*Records from a collection:*
=== Section Start ===

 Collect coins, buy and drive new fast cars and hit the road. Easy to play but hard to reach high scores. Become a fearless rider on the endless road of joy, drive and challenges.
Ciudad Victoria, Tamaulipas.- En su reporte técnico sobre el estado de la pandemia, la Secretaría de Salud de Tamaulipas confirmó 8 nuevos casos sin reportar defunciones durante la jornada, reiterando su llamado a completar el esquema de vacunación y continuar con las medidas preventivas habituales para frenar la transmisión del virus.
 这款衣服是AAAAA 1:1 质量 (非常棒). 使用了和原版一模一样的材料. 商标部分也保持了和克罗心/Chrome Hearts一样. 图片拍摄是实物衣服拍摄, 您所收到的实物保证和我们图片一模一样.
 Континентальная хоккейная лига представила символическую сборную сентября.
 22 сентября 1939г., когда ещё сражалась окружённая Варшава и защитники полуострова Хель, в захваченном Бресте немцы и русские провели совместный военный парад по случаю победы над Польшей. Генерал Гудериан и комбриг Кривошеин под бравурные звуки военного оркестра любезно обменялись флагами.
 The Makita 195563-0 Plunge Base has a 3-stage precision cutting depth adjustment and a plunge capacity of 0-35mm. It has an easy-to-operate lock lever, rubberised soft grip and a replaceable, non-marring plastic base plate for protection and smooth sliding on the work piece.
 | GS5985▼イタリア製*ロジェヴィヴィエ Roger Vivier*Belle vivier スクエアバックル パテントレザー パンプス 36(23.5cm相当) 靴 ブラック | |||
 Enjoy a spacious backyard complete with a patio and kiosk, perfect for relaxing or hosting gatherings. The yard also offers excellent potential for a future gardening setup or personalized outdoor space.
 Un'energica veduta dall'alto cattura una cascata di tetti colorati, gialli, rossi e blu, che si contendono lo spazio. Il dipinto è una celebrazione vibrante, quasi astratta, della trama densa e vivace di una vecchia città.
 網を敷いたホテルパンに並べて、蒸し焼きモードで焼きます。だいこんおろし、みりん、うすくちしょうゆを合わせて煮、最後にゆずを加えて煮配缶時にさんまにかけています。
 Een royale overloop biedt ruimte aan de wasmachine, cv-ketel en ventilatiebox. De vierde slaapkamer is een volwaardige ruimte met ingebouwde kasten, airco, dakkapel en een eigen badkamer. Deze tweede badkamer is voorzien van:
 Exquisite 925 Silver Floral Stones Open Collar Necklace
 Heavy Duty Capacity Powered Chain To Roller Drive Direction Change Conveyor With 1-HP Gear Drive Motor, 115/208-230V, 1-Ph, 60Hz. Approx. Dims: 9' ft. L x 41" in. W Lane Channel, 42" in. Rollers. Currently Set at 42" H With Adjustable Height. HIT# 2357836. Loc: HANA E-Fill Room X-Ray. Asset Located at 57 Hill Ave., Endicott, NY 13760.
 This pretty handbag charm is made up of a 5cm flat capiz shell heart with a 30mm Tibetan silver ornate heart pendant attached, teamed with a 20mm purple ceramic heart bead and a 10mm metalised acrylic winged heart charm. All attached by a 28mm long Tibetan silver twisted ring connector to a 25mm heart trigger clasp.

=== Section End ===

*About this exercise:*
Look above for the line with "The Makita 195563-0" and the line with "Enjoy a spacious"; transcribe both and all lines in between, exactly, and nothing else.

*Result below:*
 The Makita 195563-0 Plunge Base has a 3-stage precision cutting depth adjustment and a plunge capacity of 0-35mm. It has an easy-to-operate lock lever, rubberised soft grip and a replaceable, non-marring plastic base plate for protection and smooth sliding on the work piece.
 | GS5985▼イタリア製*ロジェヴィヴィエ Roger Vivier*Belle vivier スクエアバックル パテントレザー パンプス 36(23.5cm相当) 靴 ブラック | |||
 Enjoy a spacious backyard complete with a patio and kiosk, perfect for relaxing or hosting gatherings. The yard also offers excellent potential for a future gardening setup or personalized outdoor space.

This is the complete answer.